A newspaper in For All Mankind.

In the For All Mankind space race timeline, NASA lost when the Soviets’s put the first man on the moon. In the show’s alternative history timeline, Alexei Leonov becomes the first human to land on the moon on June 26, 1969. As a result of the Soviet moon landing in the show, US Senator, Ted Kennedy returns to D.C. for an emergency hearing and cancels his trip to Chappaquiddick Island, altering the course of history. Without the real-life tragedy at Chappaquiddick and subsequent scandal, in the show’s alternate timeline, Kennedy later runs against Nixon during his reelection campaign. One month later, the Apollo 11 mission is the first US mission to make it to the moon, with the same scientists as the real-life NASA mission.

In reality, the Soviets were the first to put a man in space, but not on the moon.
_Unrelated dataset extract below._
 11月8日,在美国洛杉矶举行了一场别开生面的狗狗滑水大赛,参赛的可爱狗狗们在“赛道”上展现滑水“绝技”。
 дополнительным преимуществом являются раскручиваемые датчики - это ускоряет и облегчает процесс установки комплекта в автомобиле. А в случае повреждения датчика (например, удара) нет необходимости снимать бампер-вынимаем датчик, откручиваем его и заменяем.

Thanks to chief rocket designer and spacecraft engineer, Sergei Korolev, who helped design the rocket that launched Soviet cosmonaut, Yuri Gagarin into space in 1961. The Soviet program suffered a big blow after the sudden death of Korolev in 1966. Under President John F. Kennedy, American lunar exploration efforts intensified in the early 1960s. The real-life Apollo 11 astronauts — Neil Armstrong, Buzz Aldrin, and Michael Collins — were the first people to step foot on the moon on July 20, 1969.

A huge triumph for NASA, the Apollo-11 team left behind an American flag, a patch honoring the fallen Apollo 1 crew, and a plague, which read: “Here men from the planet Earth first set foot upon the moon. July 1969 A.D. We came in peace for all mankind.” According to NASA, in a post-flight press conference, Armstrong called the flight “a beginning of a new age,” and Collin talked about future missions to Mars. Russia also celebrated the American’s success according to Soviet cosmonaut Alexei Leonov, who later wrote about the event according to History Today: “Everyone forgot that we were all citizens of different countries on Earth. That moment really united the human race.
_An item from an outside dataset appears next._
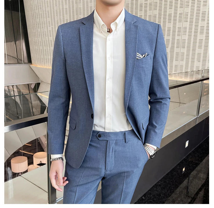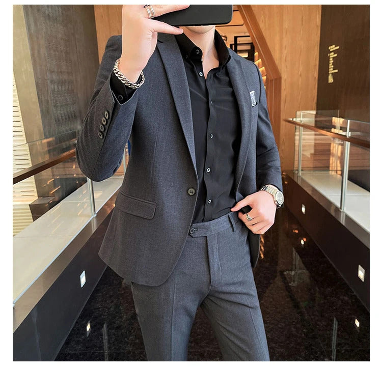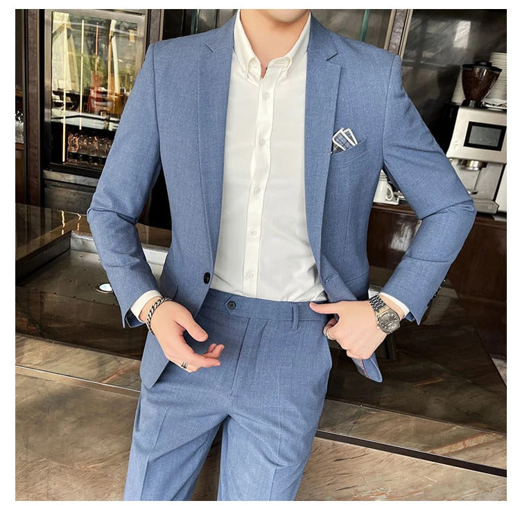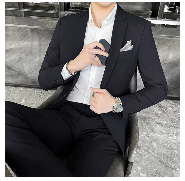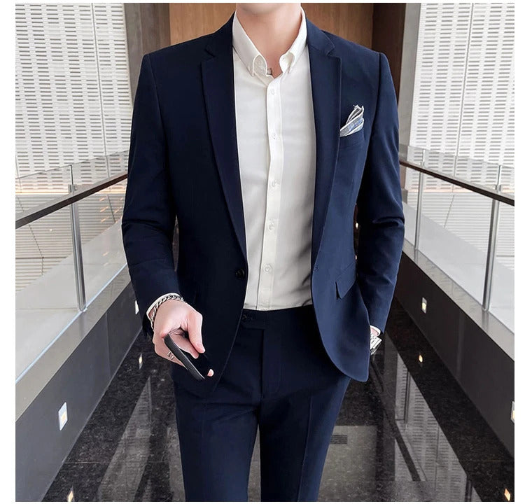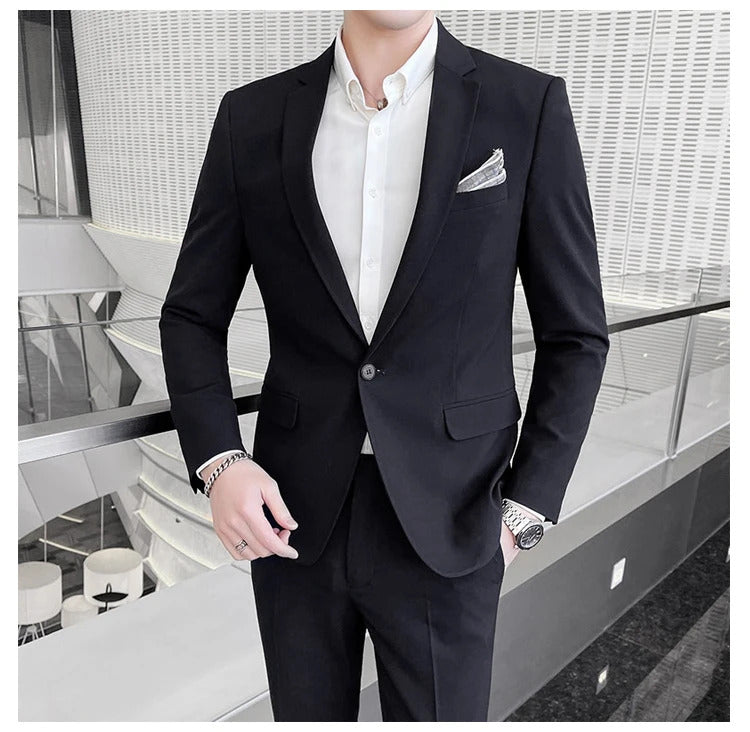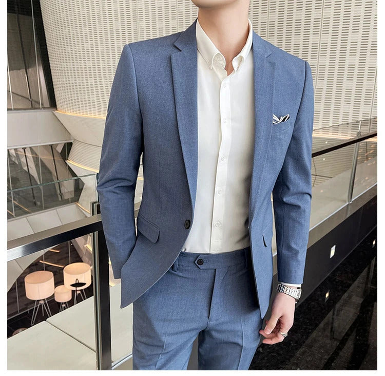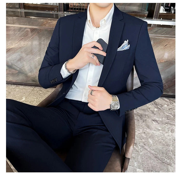 商务装男M-4XL All-in-one Slim Fit (suit + Trousers) Stylish All-in-one Handsome Classic Wedding Business Casual Solid Color 3-piece Set

September 1969 – The Mercury 13 & First Woman On The Moon

Jodi Balfour and Sarah Jones in For All Mankind Apple TV+.

The For All Mankind space race timeline imagines the first woman landing on the moon. On September 16, 1969, Anastasia Belikova becomes the first woman on the moon on For All Mankind as part of the Soviet’s second lunar mission. In the show, Belikova garners international acclaim and becomes known as the “Russian Meteor Maid” by many American newspapers. As a result, Nixon instructs NASA to put together a crew of female astronauts. The Mercury program recruits and establishes an all-female crew of astronauts including Molly Cobb, Dani Poole, Tracy Stevens, and Ellen Wilson who become prominent characters throughout the series.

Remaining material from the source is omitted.